▶ **Recorded data**:
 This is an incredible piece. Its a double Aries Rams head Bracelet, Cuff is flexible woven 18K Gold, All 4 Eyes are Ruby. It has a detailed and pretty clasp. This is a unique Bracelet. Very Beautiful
---
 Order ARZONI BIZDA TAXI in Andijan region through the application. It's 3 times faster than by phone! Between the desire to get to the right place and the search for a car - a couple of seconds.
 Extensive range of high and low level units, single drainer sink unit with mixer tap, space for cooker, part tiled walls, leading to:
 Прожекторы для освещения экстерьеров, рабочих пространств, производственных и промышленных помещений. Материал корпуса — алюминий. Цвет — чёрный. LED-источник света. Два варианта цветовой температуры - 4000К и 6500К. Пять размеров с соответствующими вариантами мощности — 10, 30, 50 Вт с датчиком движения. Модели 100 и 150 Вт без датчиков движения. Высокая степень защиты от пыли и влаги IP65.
==
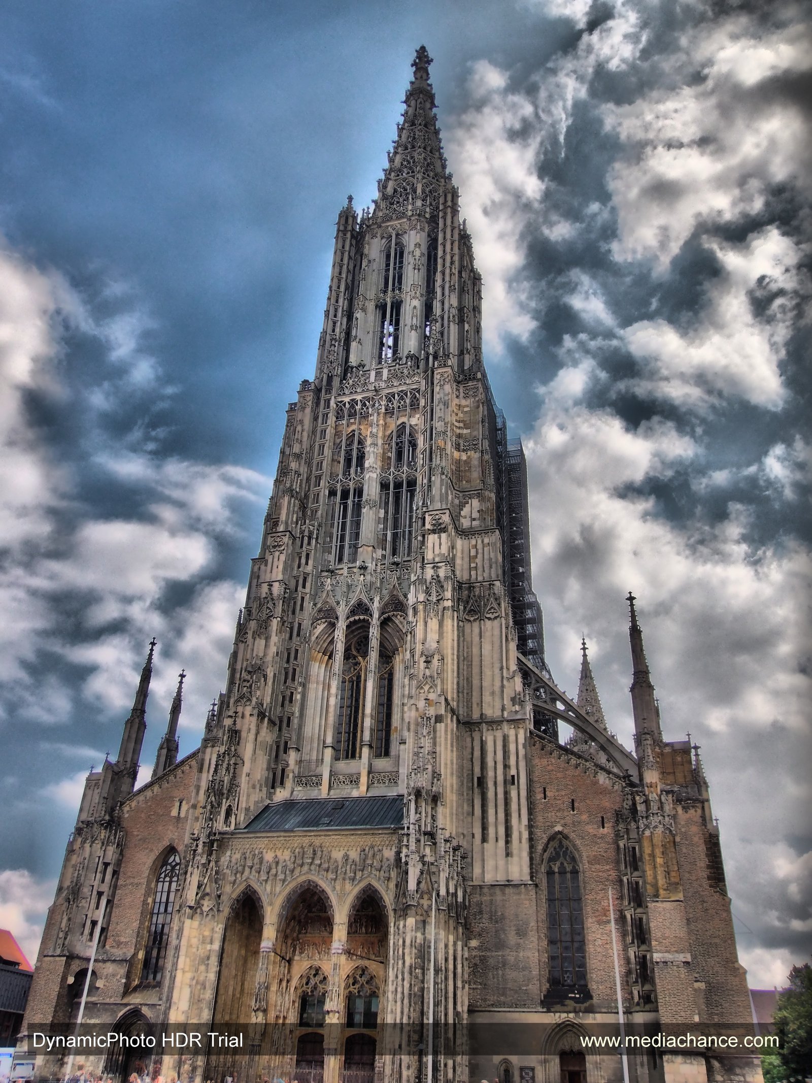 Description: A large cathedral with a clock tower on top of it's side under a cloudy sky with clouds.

▶ **Task to carry out**:
Look above for the line with "Order ARZONI BIZDA" and the line with "Extensive range of"; transcribe both and all lines in between, exactly, and nothing else.

▶ **Solution to this problem**:
 Order ARZONI BIZDA TAXI in Andijan region through the application. It's 3 times faster than by phone! Between the desire to get to the right place and the search for a car - a couple of seconds.
 Extensive range of high and low level units, single drainer sink unit with mixer tap, space for cooker, part tiled walls, leading to:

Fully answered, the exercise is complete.